“You just look like an actor wanting to change the character if you then go back and betray what your first instincts were.” – Kit Harington
Among the dozens of characters on Game of Thrones, one of the more central characters is Jon Snow, played by English actor Kit Harington. In an interview with Time, the Jon Snow actor talks about his role on the long-running series, including how to play subtle on a massive production and why he thinks his initial approach to Snow was wrong — and how he learned to improve.
When asked how he keeps himself grounded when surrounded by hundreds of extras and stand-ins for digital effects, Harington says:
The challenge with Thrones is that unlike some of the smaller, maybe independent movies, where it’s a single camera and it’s in a room, and it’s very domestic — it’s far more actor- and performance-focused. With this, in the nicest and best possible way, you are one part of the scenery in various shots. You have to sometimes go into a zone with Thrones where you just shut off everything around you, because everything has to be so detailed. The background has to be in exactly the right place, the smoke has to be the right level, the light has to be right — there’s a hundred things that have to be right. At any one moment, the take could not work, because of any of those elements. It’s exactly like shooting Lord of the Rings. Any big, epic movie would be like that. And it’s a different way of acting where it can get very frustrating, but you have to zone out the background noise a bit. And there are times when you don’t, when it’s a less intense scene or something. It’s a certain skill, and one that I’m glad I’ve had the opportunity to try and craft, because some actors come into this and it’s way too much going on and they can’t zone out.

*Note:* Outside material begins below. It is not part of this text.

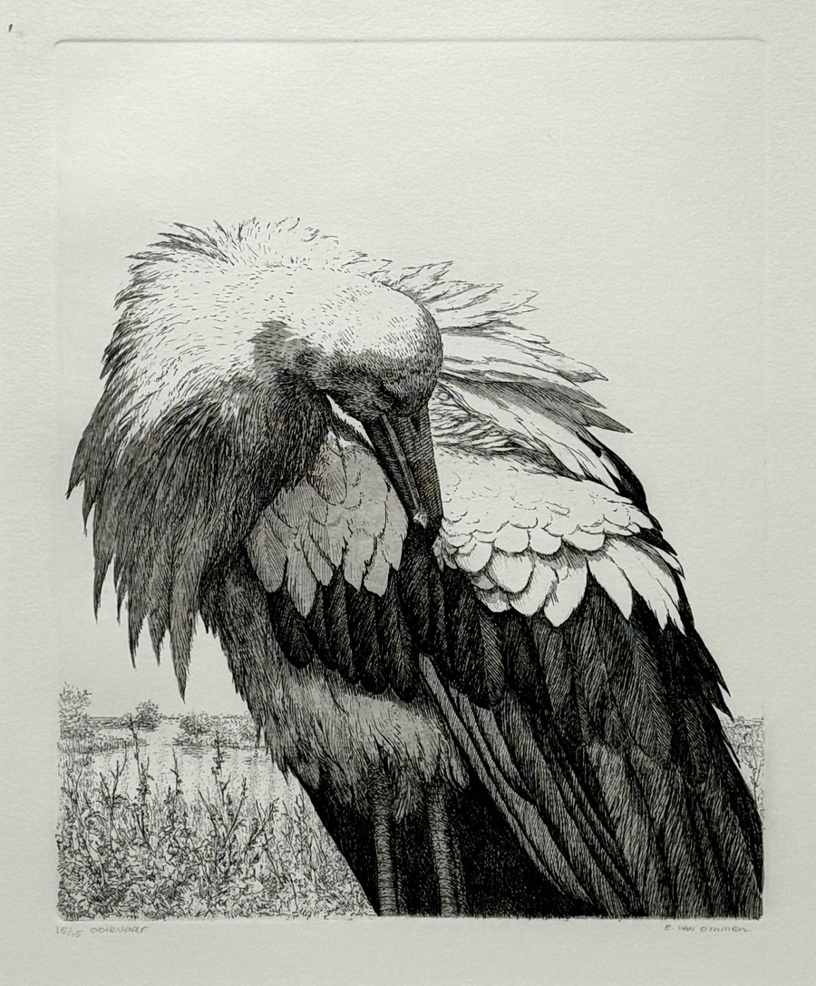Ets op papier van Erik van Ommen (1956) in naturalistische stijl, voorstellende een ooievaar met gebogen hals in rustige pose. Het werk is gesigneerd rechtsonder, getiteld en genummerd 15/15 linksonder. Kenmerkend zijn de verfijnde detaillering, contrastrijke arcering en ornithologische precisie. De compositie benadrukt de houding en structuur van de veren. Het werk bevindt zich in een houten lijst met passe-partout.

Harington believes that the creators of the show cast him as Jon Snow because they saw something of the character in him. He explains, “I think I was picked to be Jon Snow because there’s quite a lot of me in Jon Snow. When I read it on the paper, I knew there was something in it like me. I’ve spoken to David [Benioff] and Dan [Weiss, Game of Thrones creators] and they said that when I came in and read, the feeling in the room was that I was that part and that part was me…. How I’ve shaped him over the years, I always felt it was going to be a long journey, it was always going to be eight years in my mind. So you want that character to learn and learn and learn, and then develop.”

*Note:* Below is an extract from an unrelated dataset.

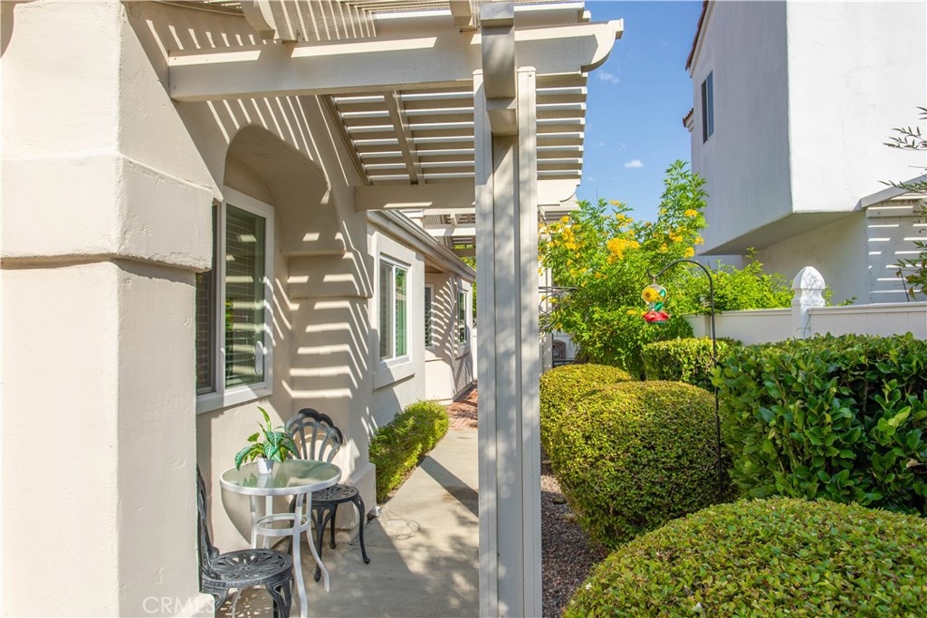 BACK ON THE MARKET AT NO FAULT OF SELLERS OR HOME**** GORGEOUS*** home in the Highly desirable 55+ community of the Colony! This beautiful home boasts of elegance, character and amazing upgrades throughout. Beautiful Plantation Shutters and upgraded dual-pain windows throughout the entire house! Kitchen has newer granite counters, beautiful white cabinets, gorgeous kitchen ceiling. The living room boasts of beautiful built in shelving, upgraded tile work on the fireplace, beautiful French doors leading to a magnificent semi private patio. Over $3,000 invested on the meticulously selected trees to provide privacy, beauty and a serene ambient. Master bedroom is very spacious with French doors that give full access to the patio while providing wonderful natural light. The master bathroom is gorgeous, with high-end wood vanity! The 2nd bedroom has a beautiful built in Murphy bed and a beautiful custom built desk. The garage has wonderful storage space, with built in desk, epoxy floors and so much more!

However, though Harington knew he would have a long journey with Snow, he didn’t try to foretell the character’s future. He continues, “I didn’t think about it really, really long-term — you take every scene as it comes. But there were times early on where I felt what I was doing with the character was wrong. I made mistakes and felt that he wasn’t interesting enough. That sounds weird, but I’ve never been quite content with him. Maybe that’s what makes him him. That angst. He could be a bit too morose, he didn’t quite go there emotionally. But once you’ve made those choices, that character is that character. You just look like an actor wanting to change the character if you then go back and betray what your first instincts were.”